The clash of steel-shod soles against the rocks began to be heard, and the
man's voice grew louder. It was raised in a sort of chant and became distinct
with nearness, so that the words could be heard:
"Turn around an' tu'n yo' face
Untoe them sweet hills of grace
(D' pow'rs of sin yo' am scornin'!).
Look about an' look aroun',
Fling yo' sin-pack on d' groun'
(Yo' will meet wid d' Lord in d' mornin'!)."
A sound of scrambling accompanied the song, and the spirit of the place fled
away on the heels of the red-coated buck. The green screen was burst asunder,
and a man peered out at the meadow and the pool and the sloping side-hill. He
was a deliberate sort of man. He took in the scene with one embracing glance,
then ran his eyes over the details to verify the general impression. Then, and
not until then, did he open his mouth in vivid and solemn approval:
"Smoke of life an' snakes of purgatory! Will you just look at that! Wood an'
water an' grass an' a side-hill! A pocket-hunter's delight an' a cayuse's
paradise! Cool green for tired eyes! Pink pills for pale people ain't in it. A
secret pasture for prospectors and a resting-place for tired burros, by damn!"

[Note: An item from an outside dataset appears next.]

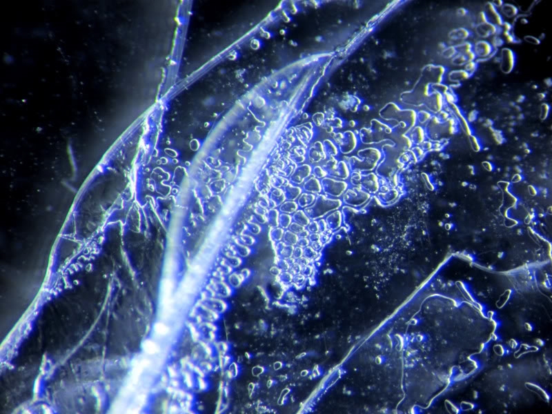 ich meinte diese Verbundglasscheiben mit Folie dazwischen, die sind natürlich auch verklebt. Wenn so eine Scheibe z.B. durch einen setlichen Stoß beschädigt wird, kommt es zu ähnlichen Strukturen, wenn die Gläser gerissen sind, Luft eindringt und sich die Folie ablöst.
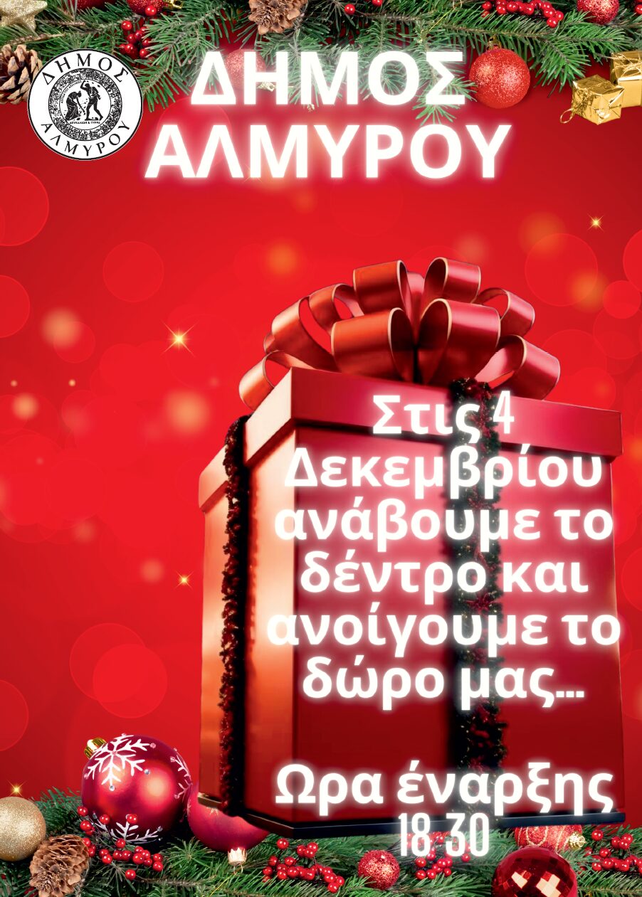 Το άναμμα του Χριστουγεννιάτικου δέντρου θα γίνει στην Κεντρική Πλατεία του Αλμυρού στις 6.30μμ, σε συνεργασία με την Ένωση Εμπορικού και Επιχειρηματικού Συλλόγου Αλμυρού. Οι παρευρισκόμενοι θα παρακολουθήσουν ένα πλούσιο μουσικό πρόγραμμα με την Νεανική – Παιδική χορωδία, τη Μικτή Τετράφωνη Χορωδία και το Φωνητικό Σύνολο του Δημοτικού Ωδείου Αλμυρού, υπό τη διεύθυνση της μαέστρου Μαριάννας Σαμαρτζή. Ο Δήμαρχος Αλμυρού Δημήτριος Εσερίδης θα φωταγωγήσει το δένδρο και θα ανοίξει το Δώρο.

He was a sandy-complexioned man in whose face geniality and humor seemed the
salient characteristics. It was a mobile face, quick-changing to inward mood
and thought. Thinking was in him a visible process. Ideas chased across his
face like wind-flaws across the surface of a lake. His hair, sparse and
unkempt of growth, was as indeterminate and colorless as his complexion. It
would seem that all the color of his frame had gone into his eyes, for they
were startlingly blue. Also, they were laughing and merry eyes, within them
much of the naivete and wonder of the child; and yet, in an unassertive way.
they contained much of calm self-reliance and strength of purpose founded upon
self-experience and experience of the world.
From out the screen of vines and creepers he flung ahead of him a miner's
pick and shovel and gold-pan. Then he crawled out himself into the open. He
was clad in faded overalls and black cotton shirt, with hobnailed brogans on
his feet, and on his head a hat whose shapelessness and stains advertised the
rough usage of wind and rain and sun and camp-smoke. He stood erect, seeing
wide-eyed the secrecy of the scene and sensuously inhaling the warm, sweet
breath of the canyon-garden through nostrils that dilated and quivered with
delight. His eyes narrowed to laughing slits of blue, his face wreathed itself
in joy, and his mouth curled in a smile as he cried aloud:
"Jumping dandelions and happy hollyhocks, but that smells good to me! Talk
about your attar o' roses an' cologne factories! They ain't in it!"
He had the habit of soliloquy. His quick-changing facial expressions might
tell every thought and mood, but the tongue, perforce, ran hard after,
repeating, like a second Boswell.
The man lay down on the lip of the pool and drank long and deep of its water.
"Tastes good to me," he murmured, lifting his head and gazing across the pool
at the side-hill, while he wiped his mouth with the back of his hand. The
side-hill attracted his attention. Still lying on his stomach, he studied the
hill formation long and carefully. It was a practised eye that travelled up
the slope to the crumbling canyon-wall and back and down again to the edge of
the pool. He scrambled to his feet and favored the side-hill with a second
"Looks good to me," he concluded, picking up his pick and shovel and gold-pan.
He crossed the stream below the pool, stepping agilely from stone to stone.
Where the sidehill touched the water he dug up a shovelful of dirt and put it
into the gold-pan. He squatted down, holding the pan in his two hands, and
partly immersing it in the stream. Then he imparted to the pan a deft circular
motion that sent the water sluicing in and out through the dirt and gravel.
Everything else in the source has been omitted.